942TiP - ENCOURAGE: The use in routine practice of bevacizumab in first-line therapy for patients with ovarian cancer- a GINECO prospective cohort study

Date 27 September 2014
Event ESMO 2014
Session Poster Display session
Topics Anticancer Agents
Ovarian Cancer
Biological Therapy
Presenter Dominique Berton-Rigaud
Citation Annals of Oncology (2014) 25 (suppl_4): iv305-iv326. 10.1093/annonc/mdu338
Authors D. Berton-Rigaud1, F. Selle2, I.L. Ray-Coquard3, A. Floquet4, R. Largillier5, A. Hardy-Bessard6, D. Jaubert7, C. Roemer-Becuwe8, L. Venat-Bouvet9, A. Lesoin10, E. Guardiola11, J. Alexandre12, M. Provansal13, E. Blot14, N. Achour15, E. Pujade-Lauraine16
  • 1Oncology, ICO Institut de Cancerologie de l'Ouest René Gauducheau, 44805 - Saint Herblain/FR
  • 2Medical Oncology, Hôpital Tenon, 75020 - Paris/FR
  • 3Medical Oncology, Centre Léon Bérard, FR-69008 - Lyon CEDEX/FR
  • 4Oncologie, Institut Bergonié, Bordeaux/FR
  • 5Medical Oncology, Centre Azuréen de Cancérologie, 06250 - Mougins/FR
  • 6Medical Oncology, Clinique Armoricaine de Radiologie, 22015 - Saint Brieuc/FR
  • 7Medical Oncology, Clinique Tivoli, 33000 - Bordeaux/FR
  • 8Medical Oncology, Centre d'Oncologie de Gentilly, 54100 - Nancy/FR
  • 9Oncology, CHU de limoges, limoges/FR
  • 10Medical Oncology, Centre Oscar Lambret, 59020 - Lille/FR
  • 11Medical Oncology, Centre Hospitalier la Dracénie, 83300 - Draguignan/FR
  • 12Service D'oncologie Médicale, Hopital Cochin, 75014 - paris/FR
  • 13Oncology, Institut Paoli Calmettes, Marseille/FR
  • 14Medical Oncology, Centre Hospitalier Bretagne Sud, 56017 - Vannes/FR
  • 15Medical Oncology, Clinique Pasteur, 29200 - Brest/FR
  • 16Medical Oncology, GINECO and Université Paris Descartes, AP-HP, Hôpitaux Universitaires Paris Centre, 75004 - Paris/FR



The two phase III first-line trials GOG 218 and ICON 7 met their primary progression free survival endpoint, leading to an European Union approval in december 2011 of bevacizumab in combination with carboplatin and paclitaxel during 6 cycles, followed by a maintenance period for a total time of 15 months for the treatment of patients with FIGO IIIb-IV stage ovarian cancer.

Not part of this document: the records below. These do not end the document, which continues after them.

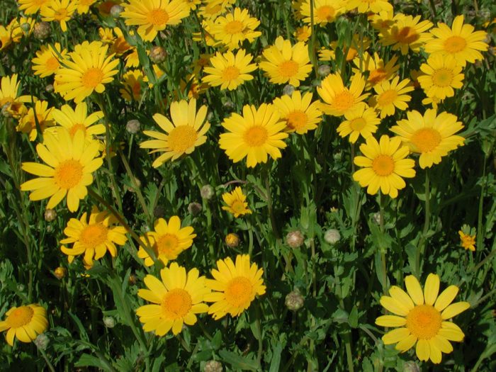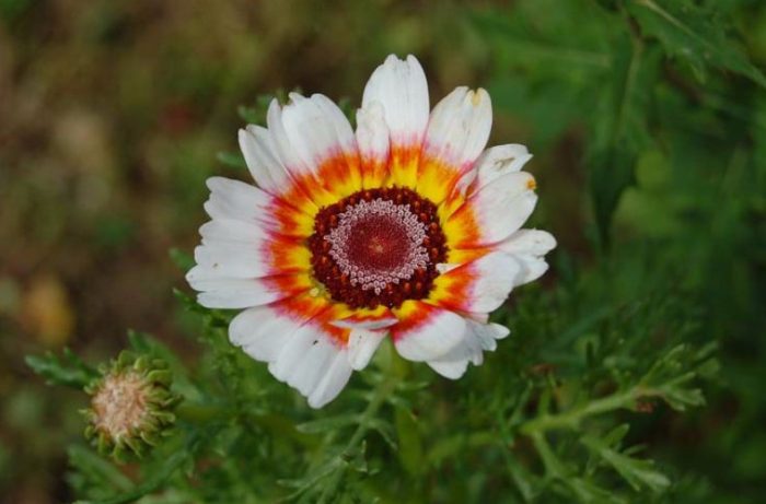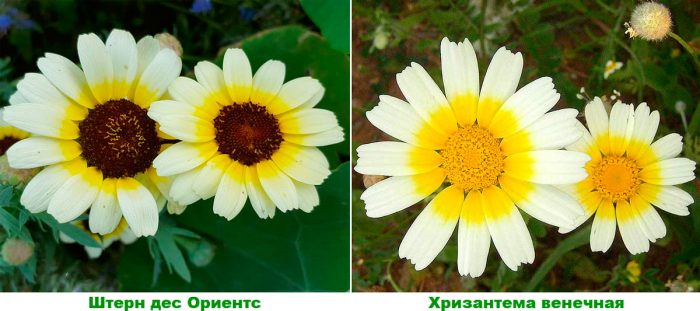 - chryzantema wieńcowa . Wysokość łodyg waha się od 0,4 do 1 metra, są gęsto pokryte pierzastymi oddzielnymi płytkami liściowymi, a na krzaku znajdują się lancetowate, ząbkowane liście. Kwiatostany osiągają około 30 mm średnicy, kwiaty trzciny mogą być kolorowe w różnych odcieniach od białego do żółtego, a rurkowe―zielonkawo-żółte.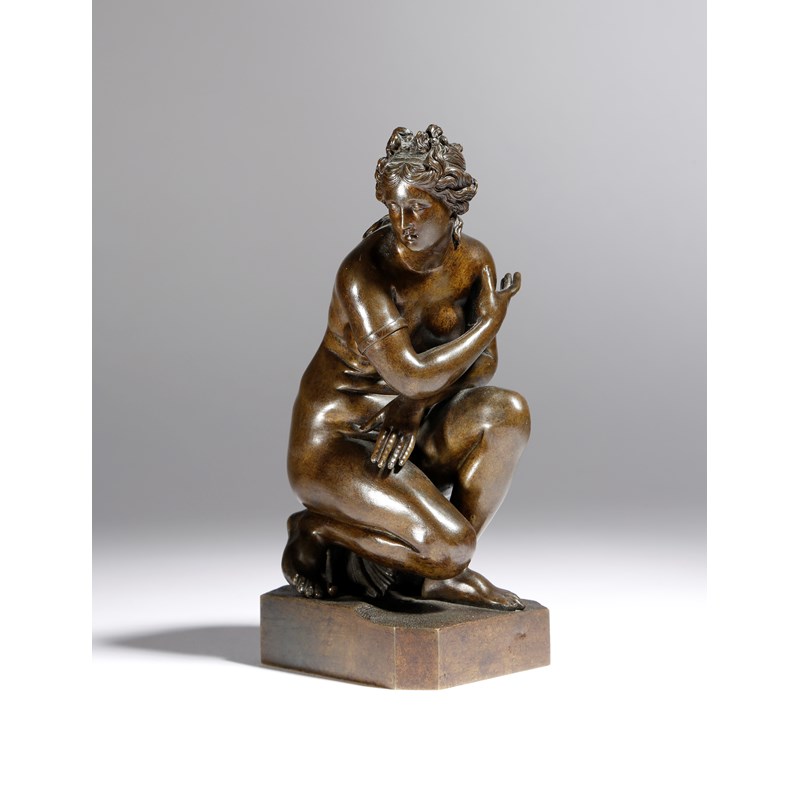 After the antique. An early 19th century Italian bronze Grand Tour model of the 'Crouching Venus'
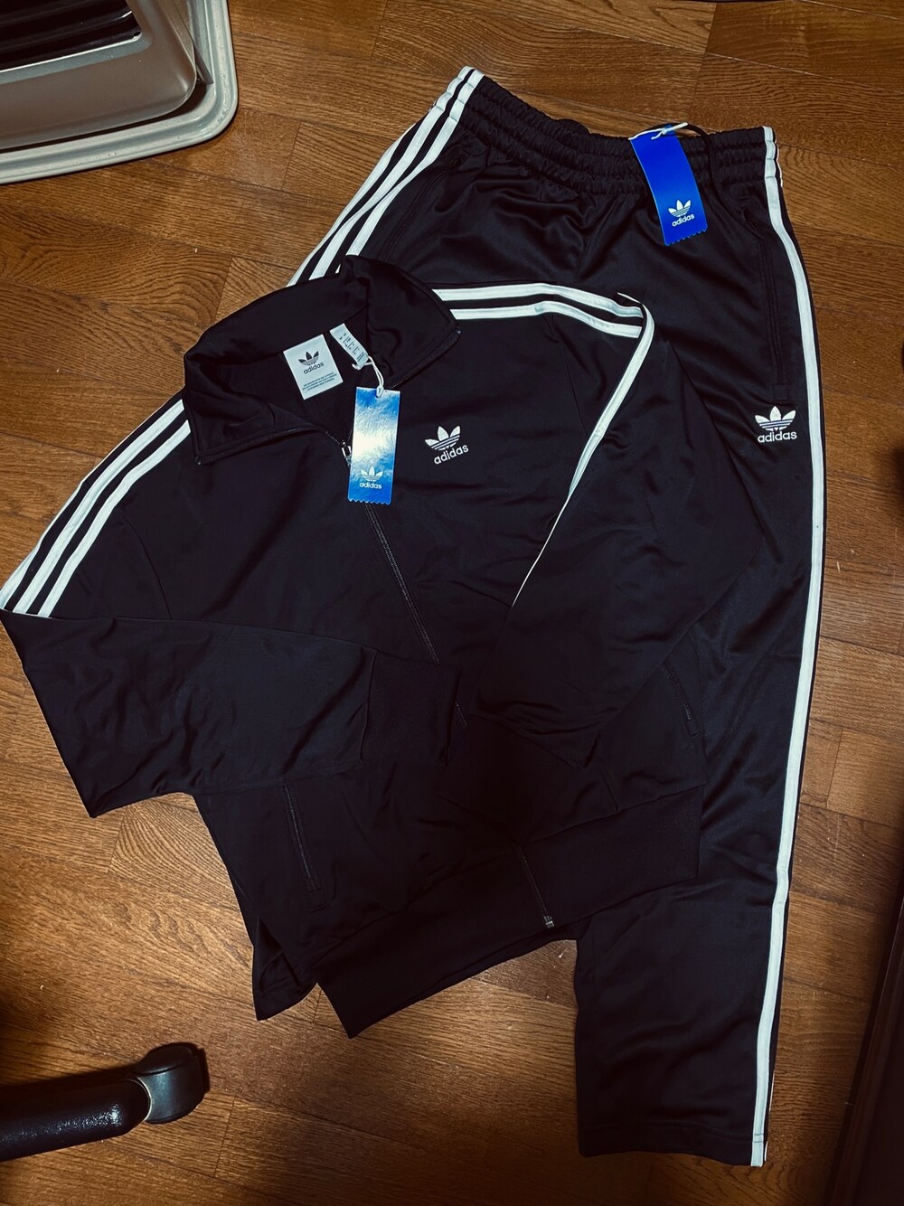 ブラック系のジャージを着用したメンズの冬コーディネートの1枚目の写真

The ENCOURAGE prospective, multicenter cohort study has been developped to describe bevacizumab administration in ovarian cancer, in the daily practice, outside of trials with their usual patient selections and specific follow-up methods

Trial design

A total number of 500 patients with ovarian cancer, treated with bevacizumab in first-line, in 100 French centers, will be included. Investigators will record the reasons why they indicate or exclude bevacizumab administration in the first-line treatment strategy of each of their patients with ovarian cancer. The primary endpoint is to report the cardio-vascular, renal and digestive toxicity of bevacizumab delivered in a wide scape of French centers (academic or not hospitals, private clinics, anticancer centers). The secondary endpoints include evaluation in real life of bevacizumab use in ovarian cancer treatment in first-line (the characteristics of the treated population, the reason of non administration of bevacizumab in first line), the modalities of use and the monitoring pratices. At last, the efficacy of the bevacizumab treatment strategy will be also evaluated by analysing the progression free survival in both first line and relapse with or without bevacizumab. From April 2013, to April 2014, more than 200/500 patients have been registered.


I.L. Ray-Coquard: Roche, Pharmamar, Amgen, AstraZeneca board and lecture; A. Floquet: Investigator fees and congress participation support in Roche Clinical Studies; J. Alexandre: I am a member of an advisory board concerning bevacizumab. All other authors have declared no conflicts of interest.